Manufacturing Disaster Recovery Plan: Create Yours Now

A natural disaster or pandemic doesn’t have to mean disaster for your manufacturing facility. Be prepared.

We may remember the last few years as the time of unending disasters.  Historic spring flooding, wildfires, hurricanes, and other storms were so widespread across the USA in 2019 one-third of the country qualified for federal disaster relief. In Australia, nearly 30 million acres burned during their 2019 wildfire season. Then the pandemic began. With it came civil unrest, supply chain nightmares(remember all those ships stuck in the Suez Canal) and yet another round of natural disasters.

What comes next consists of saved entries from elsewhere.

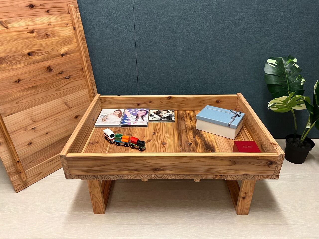 ◎荒々しい木目が特徴の、杉材を使用したローテーブルです。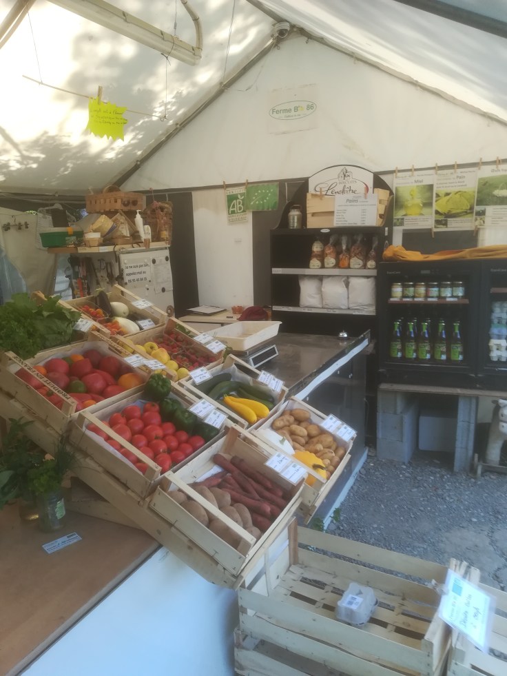 Nous sommes ouvert comme tous les Mardi, Mercredi et Vendredi de 16h à 19h, nous vous proposons en ce moment des pommes, des poires, des coings, des tomates, des courgettes, des concombres, des courges, des pommes de terre, des carottes, des betteraves, des choux raves, des oignons, des aubergines, des poivrons, des poireaux, des salades, des aromates, des œufs, du miel, des biscuits, de la farine, du jus de pomme…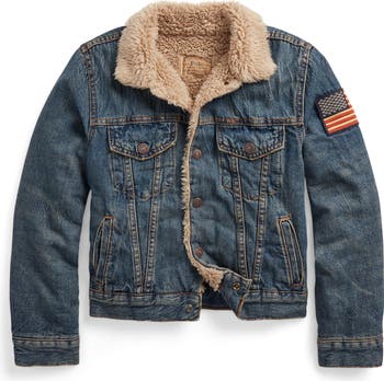 Plush, high-pile fleece spills out over the collar of a trucker jacket that's made of lightly faded cotton denim and sized for kids who like to look cool while they stay warm.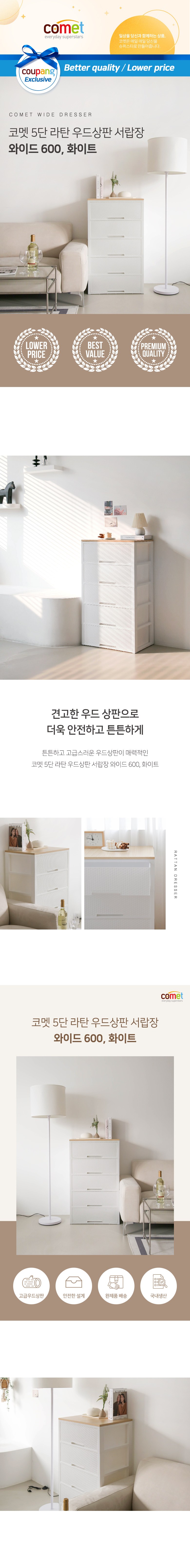 | 색상 | 화이트 | 구성품 | 코멧 5단 라탄 우드 상판 서랍장 와이드 600, 화이트 |

Close up of a fire truck.  A manufacturing disaster recovery plan helps keep fire trucks far away.
A manufacturing disaster recovery plan lets everyone know what to do when disaster strikes.

It should be a wake-up call for everyone.   Natural and other disasters can strike any part of the world. The probability of something unexpected impacting your manufacturing plant is high, and shouldn’t be ignored.

Here are some key steps in minimizing the risks associated with an unforeseen disruption. 

Have an established action plan for your personnel. 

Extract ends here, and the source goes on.